"""
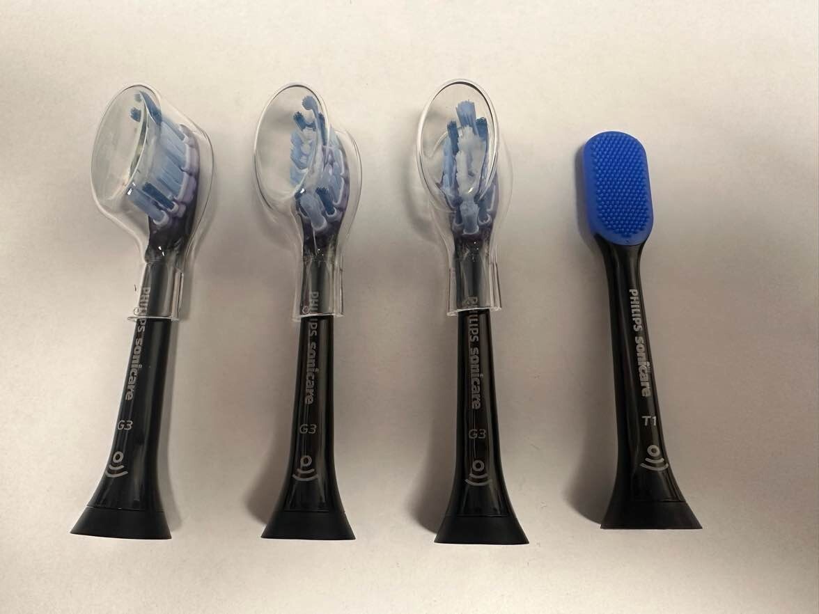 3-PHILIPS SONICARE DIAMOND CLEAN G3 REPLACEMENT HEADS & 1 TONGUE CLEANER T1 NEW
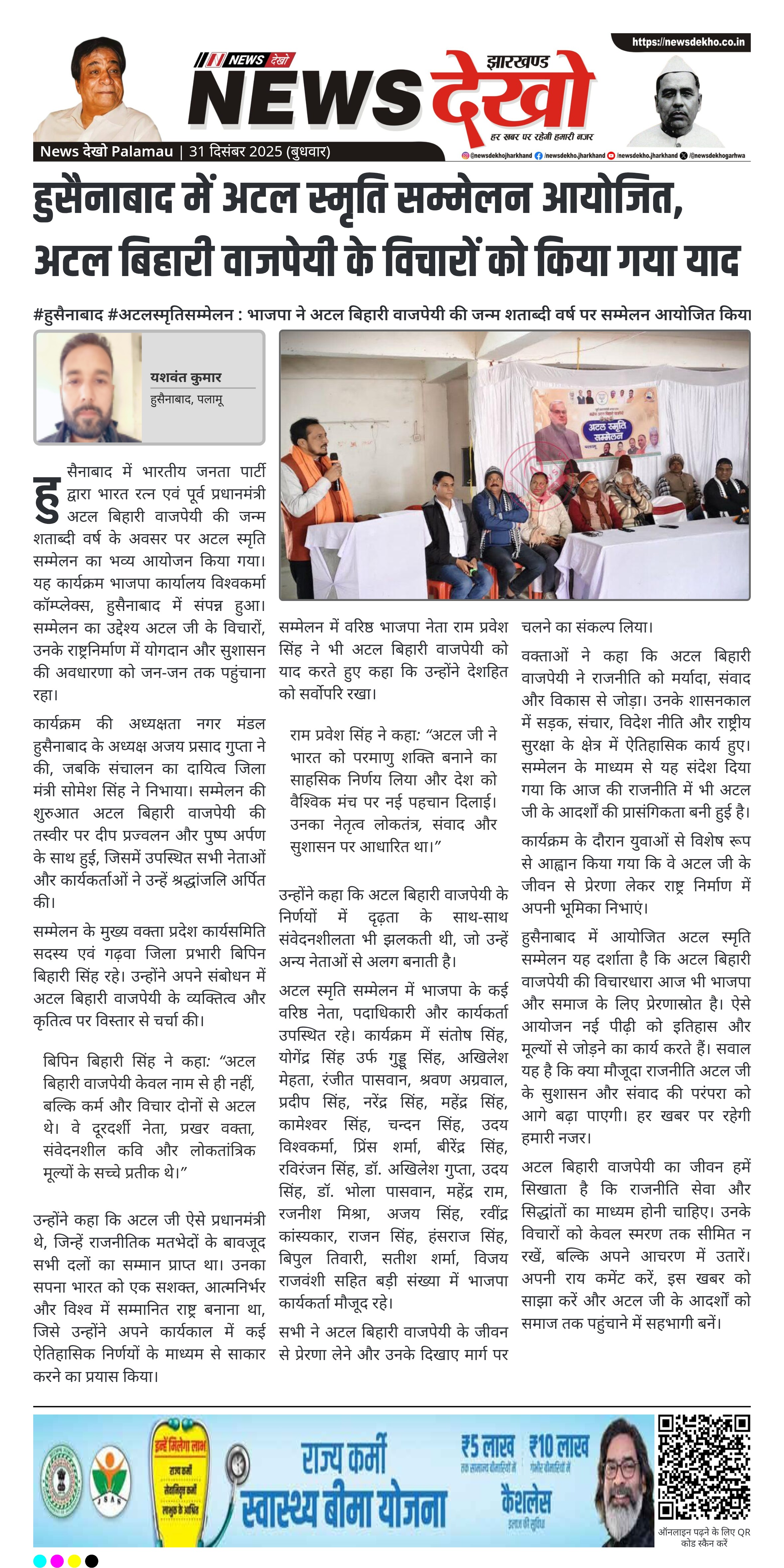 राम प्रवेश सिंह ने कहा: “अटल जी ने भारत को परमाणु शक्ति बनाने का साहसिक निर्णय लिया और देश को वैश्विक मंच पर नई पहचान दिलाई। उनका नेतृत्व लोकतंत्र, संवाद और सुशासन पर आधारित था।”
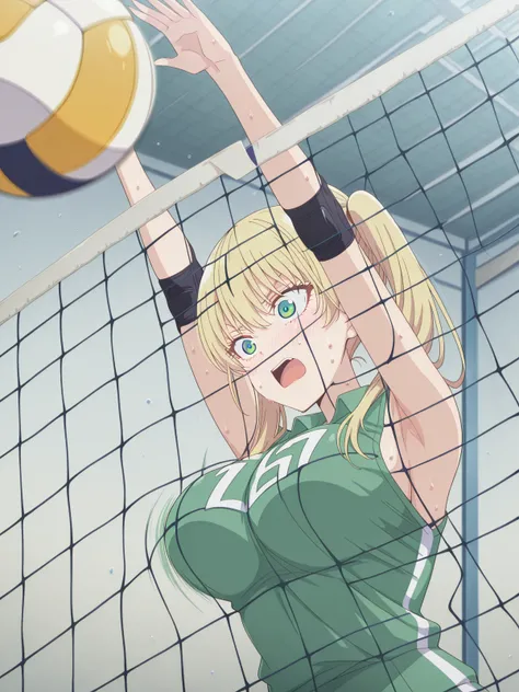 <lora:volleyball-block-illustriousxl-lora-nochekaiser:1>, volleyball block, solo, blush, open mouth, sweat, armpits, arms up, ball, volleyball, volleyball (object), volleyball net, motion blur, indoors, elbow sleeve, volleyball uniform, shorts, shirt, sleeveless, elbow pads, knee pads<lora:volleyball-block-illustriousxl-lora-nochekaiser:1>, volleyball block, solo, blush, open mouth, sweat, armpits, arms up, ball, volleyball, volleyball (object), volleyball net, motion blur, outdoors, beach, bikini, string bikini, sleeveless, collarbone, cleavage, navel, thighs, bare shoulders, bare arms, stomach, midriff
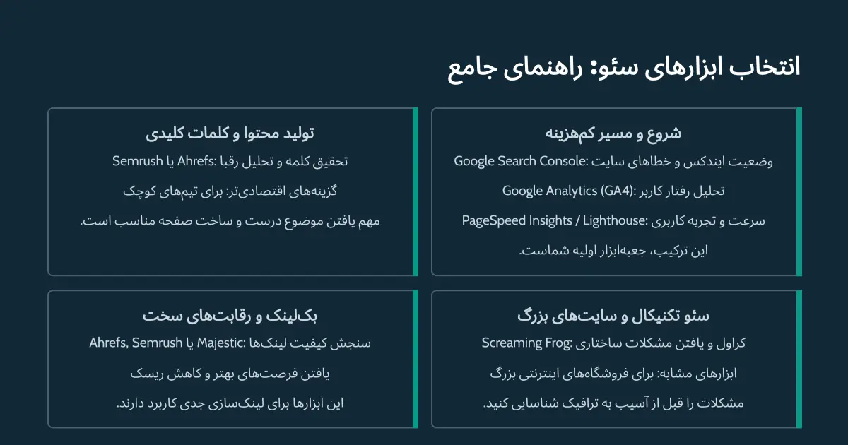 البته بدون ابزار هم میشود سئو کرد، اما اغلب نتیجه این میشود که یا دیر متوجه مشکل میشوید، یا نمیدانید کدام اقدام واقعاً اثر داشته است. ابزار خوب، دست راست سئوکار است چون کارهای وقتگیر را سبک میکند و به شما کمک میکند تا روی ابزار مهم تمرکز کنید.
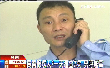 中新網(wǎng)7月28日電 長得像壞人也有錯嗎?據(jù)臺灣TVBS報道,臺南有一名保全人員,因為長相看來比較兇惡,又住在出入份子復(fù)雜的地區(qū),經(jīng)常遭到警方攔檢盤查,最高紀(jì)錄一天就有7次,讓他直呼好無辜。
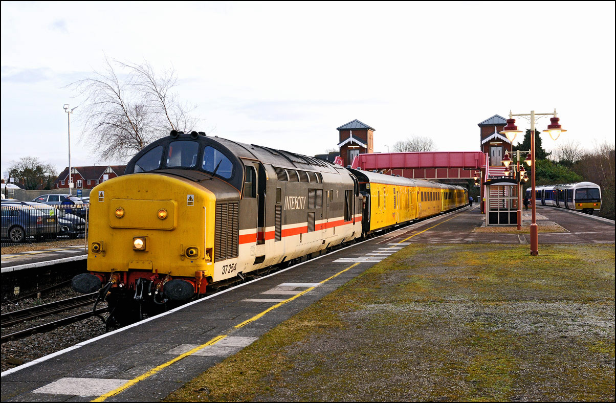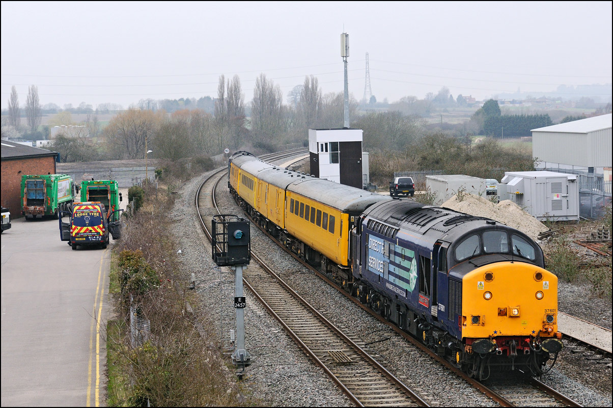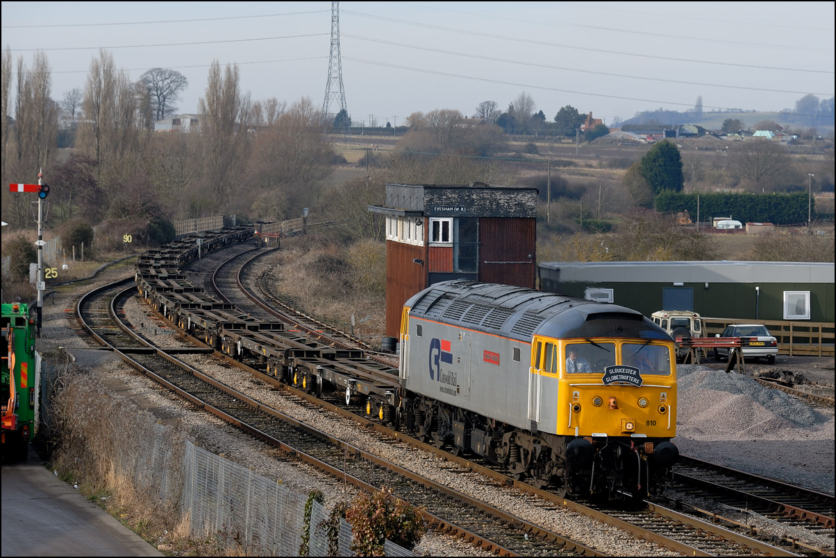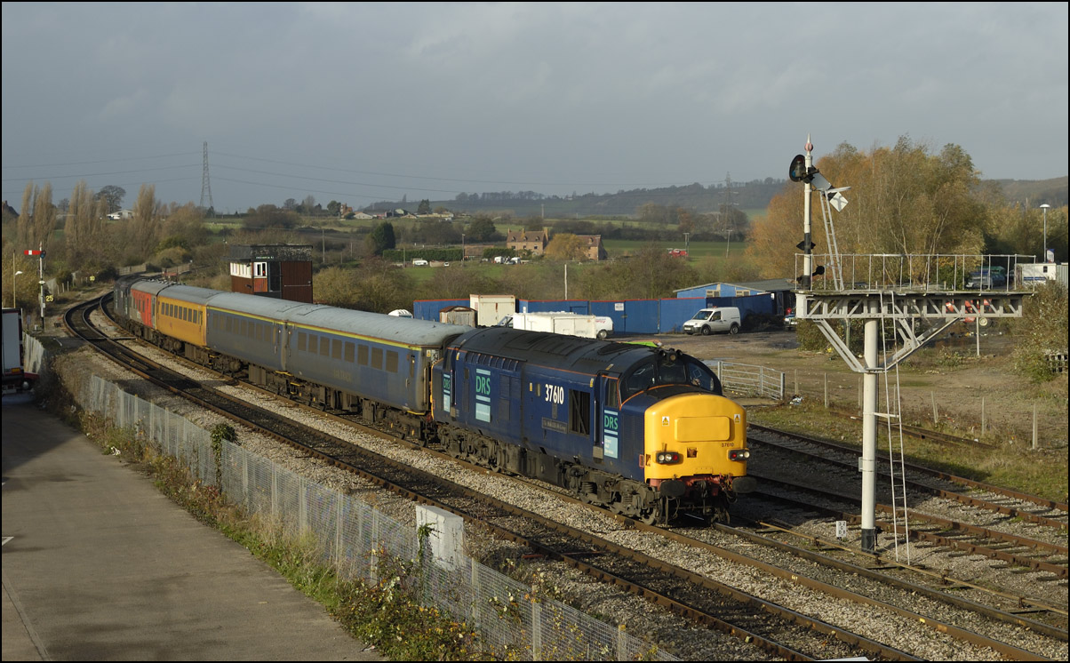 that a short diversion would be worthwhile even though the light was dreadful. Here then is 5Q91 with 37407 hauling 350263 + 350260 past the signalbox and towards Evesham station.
"""
▶ **WHAT IS NEEDED**: When you set down the records above, copy every line exactly and exclude the pictures.

▶ **PROBLEM SOLUTION**:
 3-PHILIPS SONICARE DIAMOND CLEAN G3 REPLACEMENT HEADS & 1 TONGUE CLEANER T1 NEW
 राम प्रवेश सिंह ने कहा: “अटल जी ने भारत को परमाणु शक्ति बनाने का साहसिक निर्णय लिया और देश को वैश्विक मंच पर नई पहचान दिलाई। उनका नेतृत्व लोकतंत्र, संवाद और सुशासन पर आधारित था।”
 <lora:volleyball-block-illustriousxl-lora-nochekaiser:1>, volleyball block, solo, blush, open mouth, sweat, armpits, arms up, ball, volleyball, volleyball (object), volleyball net, motion blur, indoors, elbow sleeve, volleyball uniform, shorts, shirt, sleeveless, elbow pads, knee pads<lora:volleyball-block-illustriousxl-lora-nochekaiser:1>, volleyball block, solo, blush, open mouth, sweat, armpits, arms up, ball, volleyball, volleyball (object), volleyball net, motion blur, outdoors, beach, bikini, string bikini, sleeveless, collarbone, cleavage, navel, thighs, bare shoulders, bare arms, stomach, midriff
 البته بدون ابزار هم میشود سئو کرد، اما اغلب نتیجه این میشود که یا دیر متوجه مشکل میشوید، یا نمیدانید کدام اقدام واقعاً اثر داشته است. ابزار خوب، دست راست سئوکار است چون کارهای وقتگیر را سبک میکند و به شما کمک میکند تا روی ابزار مهم تمرکز کنید.
 中新網(wǎng)7月28日電 長得像壞人也有錯嗎?據(jù)臺灣TVBS報道,臺南有一名保全人員,因為長相看來比較兇惡,又住在出入份子復(fù)雜的地區(qū),經(jīng)常遭到警方攔檢盤查,最高紀(jì)錄一天就有7次,讓他直呼好無辜。
 that a short diversion would be worthwhile even though the light was dreadful. Here then is 5Q91 with 37407 hauling 350263 + 350260 past the signalbox and towards Evesham station.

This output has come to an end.